Obsesi menjadi E. A. adalah obsesi goblok
Mengapa saya tulis ini? Karena saya melihat banyak gelagat di Kompasiana yang ingin menggantikan posisi EA. EA memang fenomena. EA memang bikin rame. EA memang menawan. EA ya EA.
Saya mengambil analogika musik.
Dalam dunia musik, yang namanya influence itu sangat wajar terjadi. Tapi dalam hal penjiplakan pasti akan gugur seiring dengan waktu. Begitu juga dalam hal tulis menulis.
Percayalah, di lubuk hatinya yang paling dalam, EA sebenarnya tidak menginginkan orang orang mengikuti geraknya. Menduplikasi dia. Menjadi EA EA lain yang palsu. Yang hanya bisa mengikuti langkahnya.
Saya banyak membaca tulisan tulisan EA. Intinya EA mengajak pembacanya untuk perpikir secara realitas. Satu prinsip yang mirip dengan yang saya yakini. Berpikiran Benar.
Dengan bersikap realistis, berpikiran benar, anda akan mengajukan pertanyaan seperti ini:
- Bila anda mengikuti semua cara EA, bisakah anda lebih sukses dari dia?
- Apakah gaya EA merupakan gaya anda?
- Apakah gaya EA cocok dengan kepribadian anda?
- Apakah dengan menjadi EA EA palsu membawa kemajuan pada diri anda?
Saya pernah mengikuti gaya penulisan judul ini, misalnya pada tulisan saya yang berjudul Sidharta Gautama: Jangan Percaya Begitu Saja, Juga terhadap Agama Buddha. Tujuannya brilian, untuk menarik perhatian publik. Saat saya posting sebuah tulisan dengan judul Berpikiran Benar ketertarikan publik yang saya dapat biasa biasa saja, bahkan sangat tidak ada yang tertarik. Namun, setelah tulisan tersebut saya perbaiki, saya rombak dengan judul yang lebih sexy Positive Thinking itu menyesatkan, hasilnya yah... sebagai penulis pemula, sangat memotivasi saya untuk menulis lagi.
Namun, saya harus mencari gaya sendiri. Tidak bisa selamanya saya menyontek gaya orang lain. Saya harus punya cita cita untuk mendapatkan pembaca segmented yang menyukai tulisan saya. Saya menyadari, tidak akan semua pembaca Kompasiana suka pada tulisan saya. Tapi saya bisa mencari pasar yang segmented.
Mempelajari kesuksesan EA adalah hal yang baik. Sebagai referensi anda dalam menjajakan ide ide kreatif anda.
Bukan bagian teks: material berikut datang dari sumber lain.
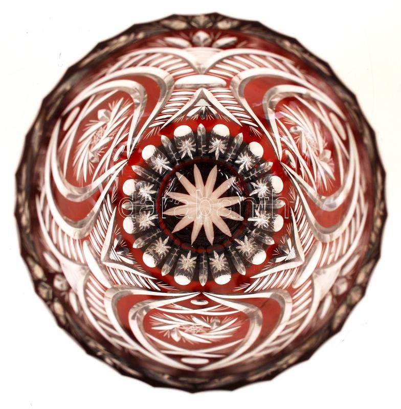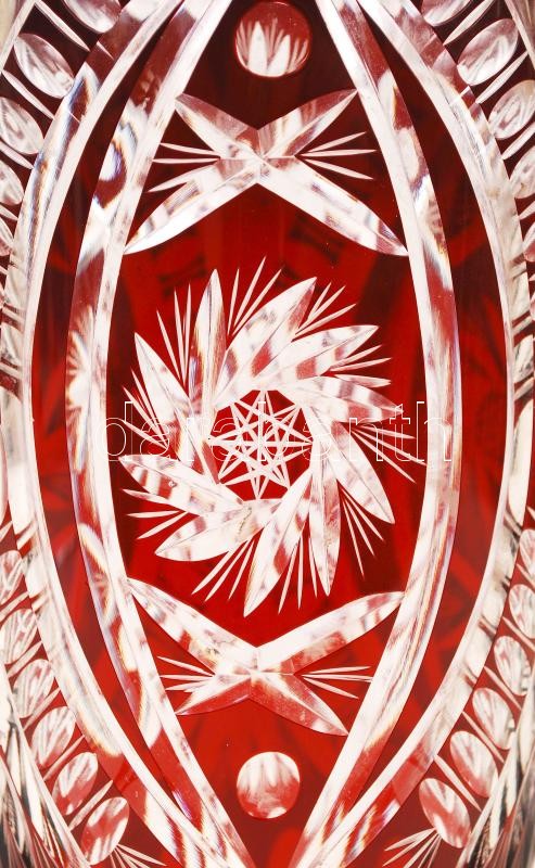Beschreibung: Rubinvörös üveg váza, többrétegű, csiszolt, hámozott, kis hibával, m:25 cm, d:13 cm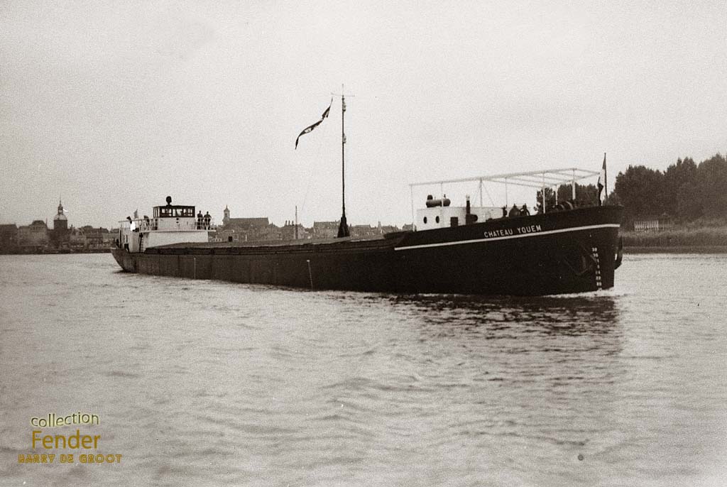 Frisia , 73,32 x 8,15 x 2,81 , 958 ton , Bouwjaar 1949 , Werf De Biesbosch in Dordrecht ( Nederland ) , 600 pk GM , ex Chateau Yquem , ex SSA 23 – Chateau Yquem , ex 2 x Chateau Yquem , eigenaar R.W. Knobbe in Lemmer , ENI 02314090.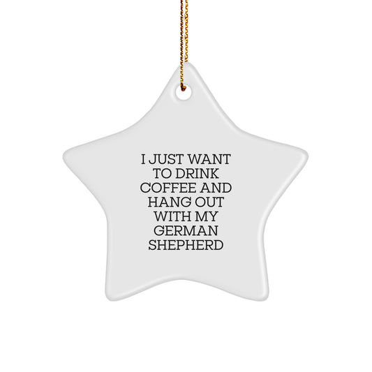 Funny German Shepherd Dog Lover Gifts from Family for Christmas Unique Star Ornament, I Just Want To Drink Coffee And Hang Out With My German Shepherd, White Star Shaped Decorations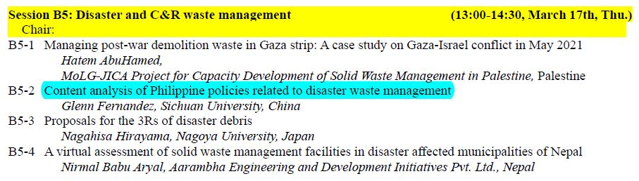 Presentation: “Content Analysis of Philippine Policies Related to Disaster Waste Management“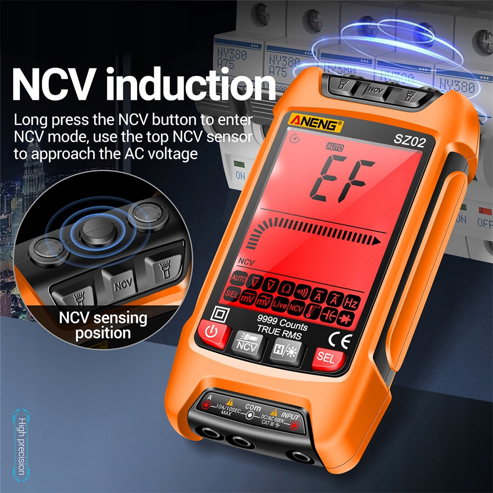 тривале натискання кнопки NCV для входу в режим NCV, використовуйте верхній датчик NCV для наближення до напруги змінного струму.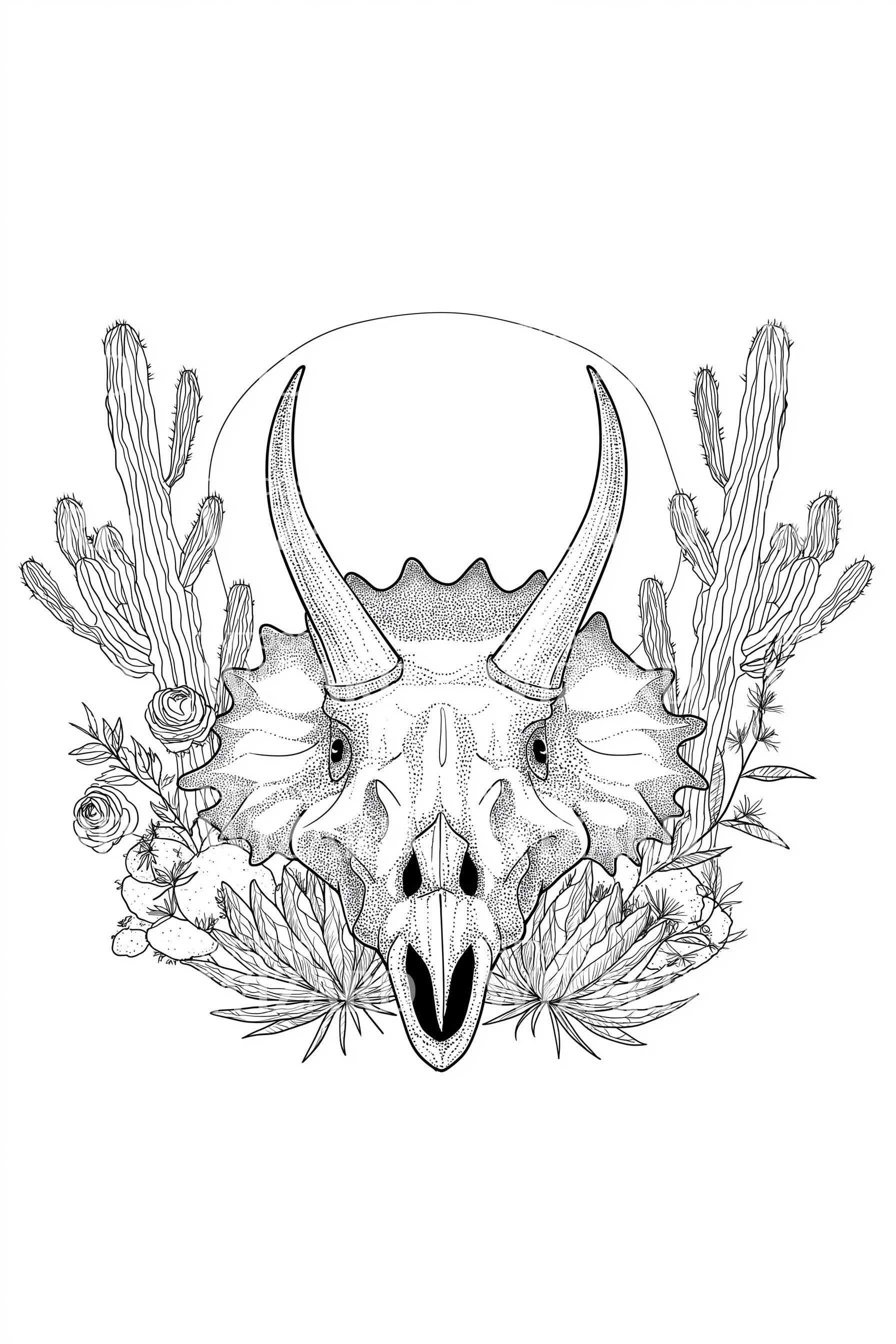 Antler Skull Botanical Tattoo Design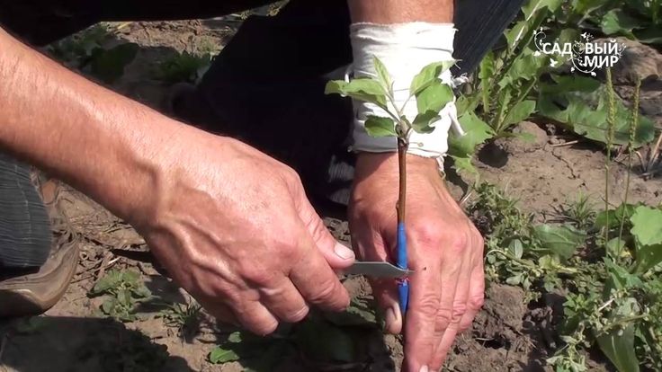 - Выбирают место прививки на подвое — оно должно находиться на расстоянии 10—15 сантиметров от корневой шейки молодого растения (или на расстоянии 5—10 сантиметров от основания ветки при поведении прививки в крону дерева). В регионах с большим количеством снега для обеспечения лучшей зимостойкости груши место прививки выбирают на высоте не менее одного метра.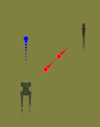 I also managed to bug out the particle system, which turned out to increase the frame rate a lot. So I dropped the smoke trail from the bullets and left the tire trails. Those bullets looked like tadpoles anyway.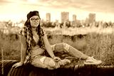 girl teenager in glasses sits the ground city background in the headphones of selfie smartphone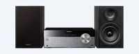 Sony CMT-SBT100B DABPrzesyłaj dźwiękDomowe zestawy muzyczne z bezprzewodową łącznością NFC Bluetooth®. Zapomnij o przewodach – korzystaj z funkcji strumieniowego przesyłania muzyki bezpośrednio ze smartfona do zestawu audio. Bezprzewodowa łączność NFC Bluetooth umożliwia odtwarzanie ulubionych utworów w wypełniającym pomieszczenie brzmieniu o mocy 50 W. Wbudowany odtwarzacz CD nie pozwoli zapomnieć Ci klasycznych kolekcji na płytach.Wystarcza jedno dotknięcieBez potrzeby parowania. Wystarczy zetknąć smartfon lub tablet z NFC z zestawem muzycznym, aby usłyszeć ulubione utwory wypełniające pokój bogatym brzmieniem.Maksymalizacja dźwiękuUsłysz wypełniający pomieszczenie dźwięk o mocy 50 W dzięki wbudowanym wzmacniaczom cyfrowym S-Master R generującym czyste brzmienie oraz dwudrożnym głośnikom Bass Reflex, gwarantującym mocny, pełny bas.EAN: 4905524926439Gwarancja: gwarancja zewnętrzna 24 miesiąceKod dostawcy: SONY CMT-SBT100B DABSystem: MikrowieżaLiczba kanałów audio: 2.0Moc głośników (sumaryczna): 50 WTuner FM: TakPasma: AMPamięć stacji: 20Odtwarzacz CD: TakOdczytywane formaty płyt CD: CD-RWOdczytywane formaty płyt DVD: BrakOdtwarzanie z USB: TakOdtwarzane formaty audio: MP3Stacja dokująca: NieFunkcje specjalne: Druga młodość płyt CD Wbudowany odtwarzacz CD współpracuje z nośnikami CD, CD-R i CD-RW i pozwala na użycie funkcji odtwarzania losowego/wielokrotnego oraz programowaniOdbiór radia DAB/DAB+ Cyfrowy radioodbiornik z pamięcią 20 stacji umożliwia szybki i łatwy dostęp do mnóstwa stacji radiowych DAB i DAB+Komunikacja bezprzewodowa: NFCZłącza: Wyjście głośnikoweAkcesoria w zestawie: PilotKolor: SrebrnyWaga: 2.6 kg

Anda bisa menilai sendiri apa yang cocok untuk anda dari teori tentang kesuksesan EA. Namun untuk menjadi dia, anda pasti kalah. Gaya EA datang dari sanubarinya. Ada jiwa yang bermain di setiap tulisannya. Hal seperti ini tidak akan terdapat pada seorang peniru.
Lihatlah waktu Nike Ardilla mati. Muncul Dike Ardilla yang dari suara, cara menyanyi, lagu yang dinyanyikan, pas, tumplek blek sama.
Anda boleh mengambil hal hal positif dari semua inspirator anda. Tidak hanya EA. Selanjutnya anda harus mencari mana karakter yang sesuai dengan kata hati anda. Ini masalah jiwa. Tulisan hanya bernyawa bila jiwa anda anda curahkan disana.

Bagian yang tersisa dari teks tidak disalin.